┌────────

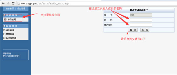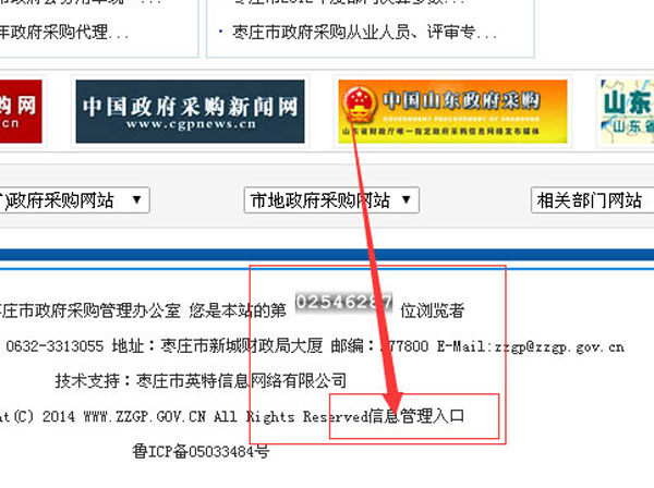 拉到網(wǎng)站的底部,找到信息管理入口點擊進入;蛑苯哟蜷_:http://www.zzgp.gov.cn/zztt/這個地址就可以進入后臺
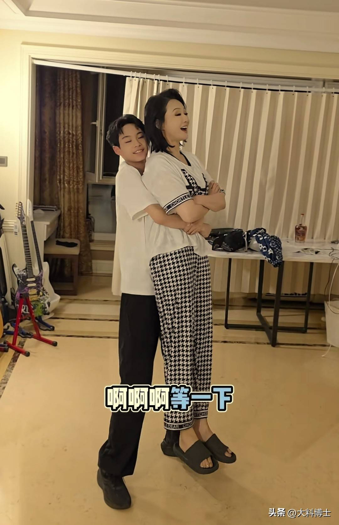 主持人曹颖与14岁儿子亲密互动,被儿子背后熊抱,王梓涵片源不断
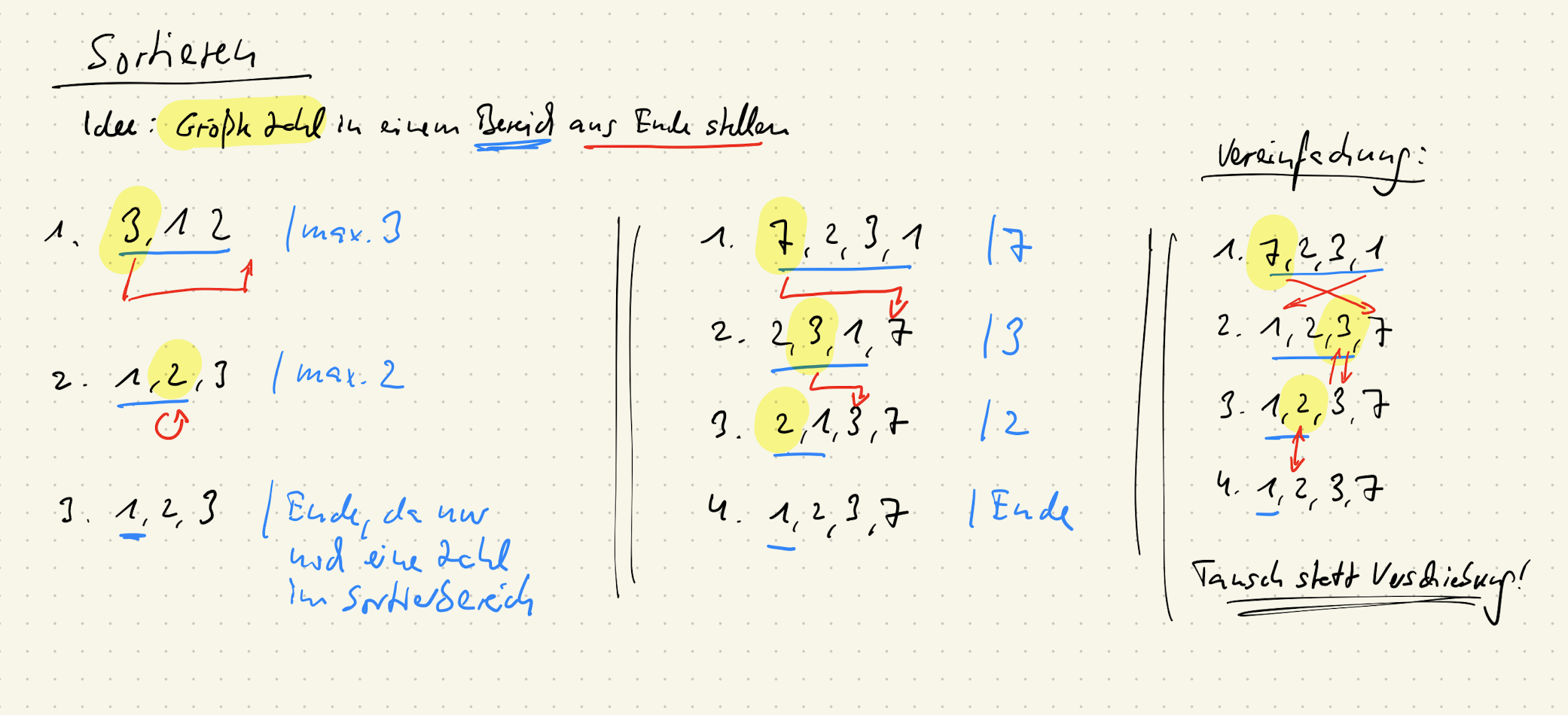 Nur, weil du das kannst, kannst du es aber noch lange nicht auch noch erklären. Wie geht das mit dem Sortieren? Wie gehst du vor? Was ist dein Verfahren, deine Herangehensweise, deine Methode, dein Ansatz? In der ersten Phase des Entwurfs findest du nicht nur heraus, ob du “es” kannst oder “irgendwie weißt wie es geht”. Nein, du musst dein Können und Wissen vermitteln können. Erste Herausforderung: Kannst du es dir selbst erklären? Zweite Herausforderung: Kannst du es anderen erklären?
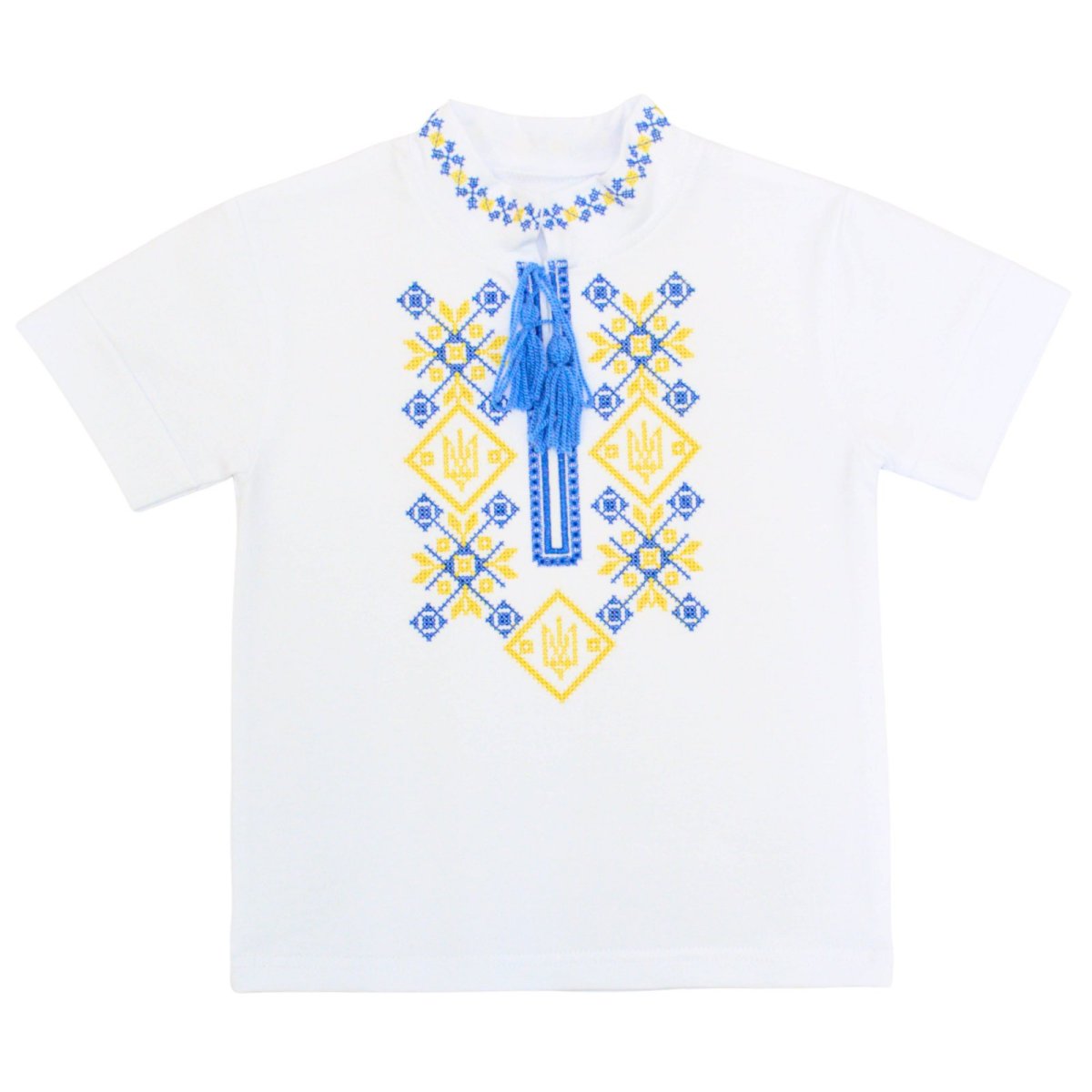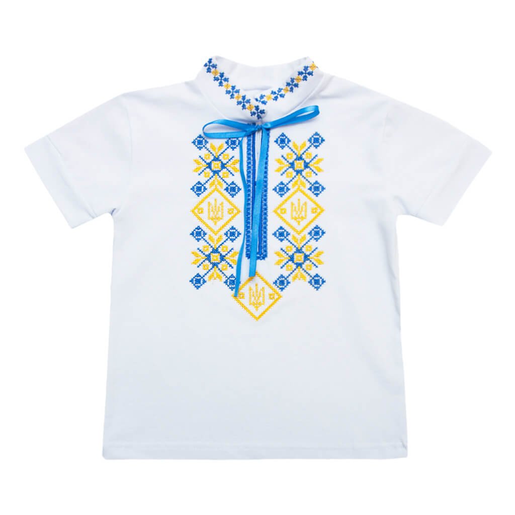 Трудно представить современного ребёнка без стильной и качественной вышиванки в гардеробе. На нашем сайте "Арлекин" Вы сможете подобрать идеальную вышиванку для своего малыша. Данная модель выполнена из высококачественного полотна белого цвета - стрейч-кулира. Ткань очень приятная и мягкая на ощупь, что подарит Вашему карапузу максимальное чувство комфорта. Воротник изделия выполнен небольшой стоечкой. Вышиванка с коротким рукавом, и благодаря этому станет отличным выбором на тёплое время года. Сама вышивка желтого тризуба расположена на груди и на воротнике.
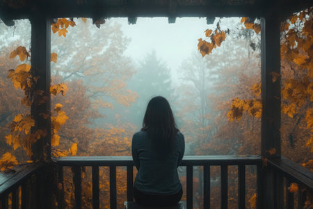 A person enjoys a tranquil moment on a porch surrounded by autumn foliage in a misty forest
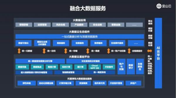 在数据的处理上,金山云提供托管弹性大数据基础服务、大数据云基础平台、大数据云生态组件、大数据应用一系列完善的融合大数据服务,通过在主流Hadoop、Spark框架之上构建端到端的大数据开发闭环,帮助客户一站式构建大数据处理能力,并通过接入AI云平台,极大提升数据处理效率。
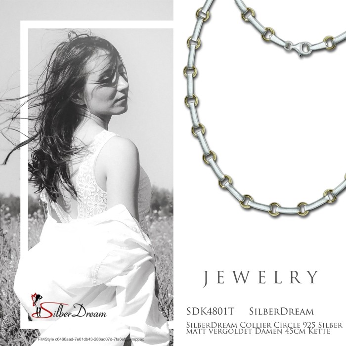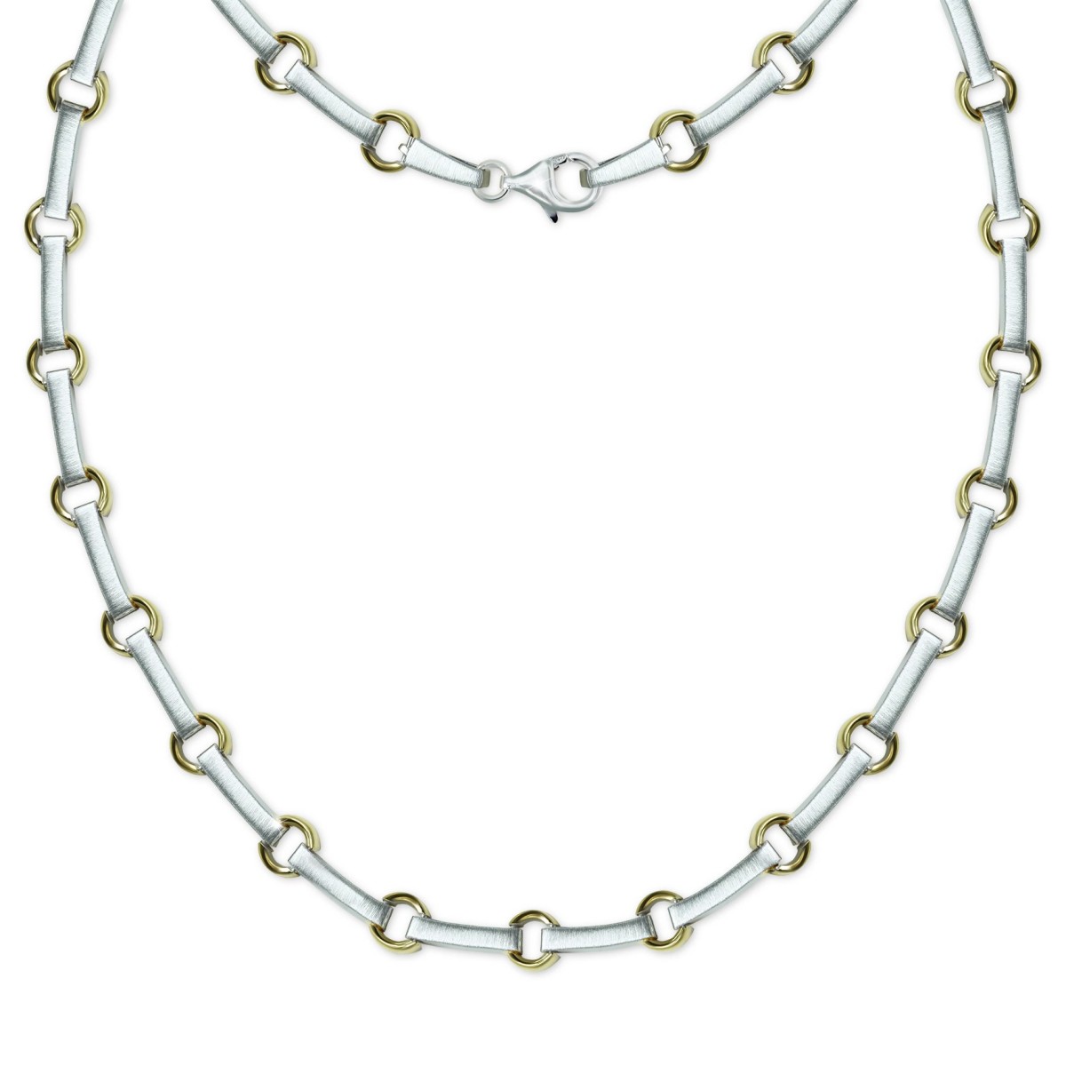Eine moderne Collier Halskette Circle in der Länge 45cm mit einem Karabinerverschluss. Es wechselt sich ein mattiertes Element mit einem vergoldetem Element ab. Das Collier ist aus der einzigartigen SilberDream Schmuck Kollektion und aus allergenfreiem 925 Sterling Silber. Diese Halskette ist auch im Set (mit Armband) erhältlich.
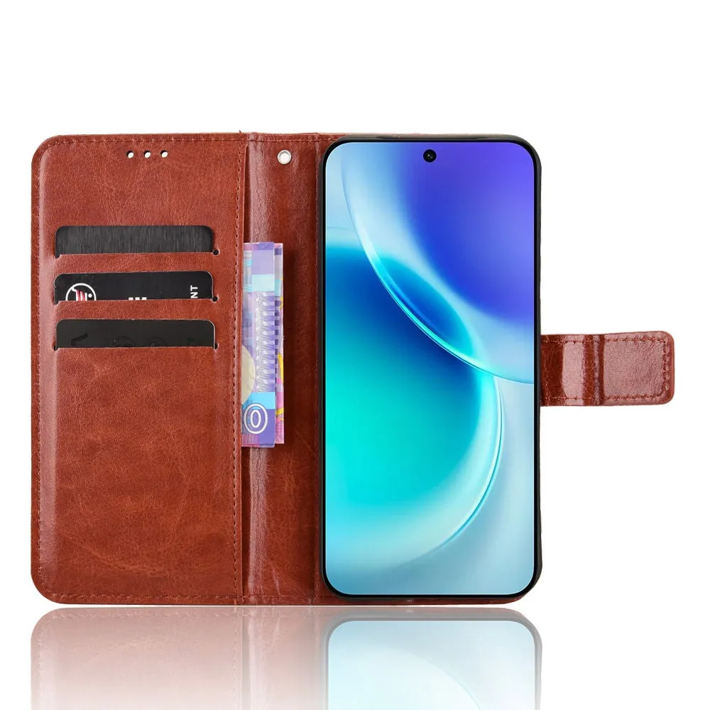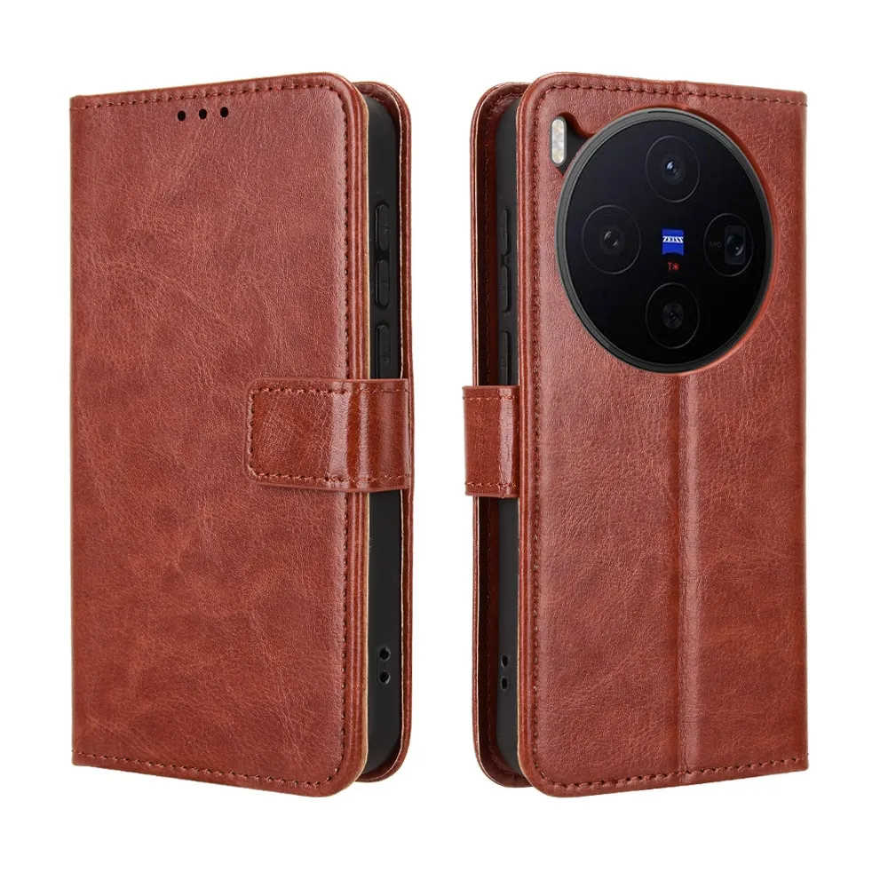 Hnedé peňaženkové púzdro Crazy na mobil Vivo X300 5G

└────────

» Work instructions: All lines from the line with "Трудно представить современного" through the final line of the listing are to be printed exactly, both ends included; the pictures are not.

» Expected output:
 Трудно представить современного ребёнка без стильной и качественной вышиванки в гардеробе. На нашем сайте "Арлекин" Вы сможете подобрать идеальную вышиванку для своего малыша. Данная модель выполнена из высококачественного полотна белого цвета - стрейч-кулира. Ткань очень приятная и мягкая на ощупь, что подарит Вашему карапузу максимальное чувство комфорта. Воротник изделия выполнен небольшой стоечкой. Вышиванка с коротким рукавом, и благодаря этому станет отличным выбором на тёплое время года. Сама вышивка желтого тризуба расположена на груди и на воротнике.
 A person enjoys a tranquil moment on a porch surrounded by autumn foliage in a misty forest
 在数据的处理上,金山云提供托管弹性大数据基础服务、大数据云基础平台、大数据云生态组件、大数据应用一系列完善的融合大数据服务,通过在主流Hadoop、Spark框架之上构建端到端的大数据开发闭环,帮助客户一站式构建大数据处理能力,并通过接入AI云平台,极大提升数据处理效率。
Eine moderne Collier Halskette Circle in der Länge 45cm mit einem Karabinerverschluss. Es wechselt sich ein mattiertes Element mit einem vergoldetem Element ab. Das Collier ist aus der einzigartigen SilberDream Schmuck Kollektion und aus allergenfreiem 925 Sterling Silber. Diese Halskette ist auch im Set (mit Armband) erhältlich.
 Hnedé peňaženkové púzdro Crazy na mobil Vivo X300 5G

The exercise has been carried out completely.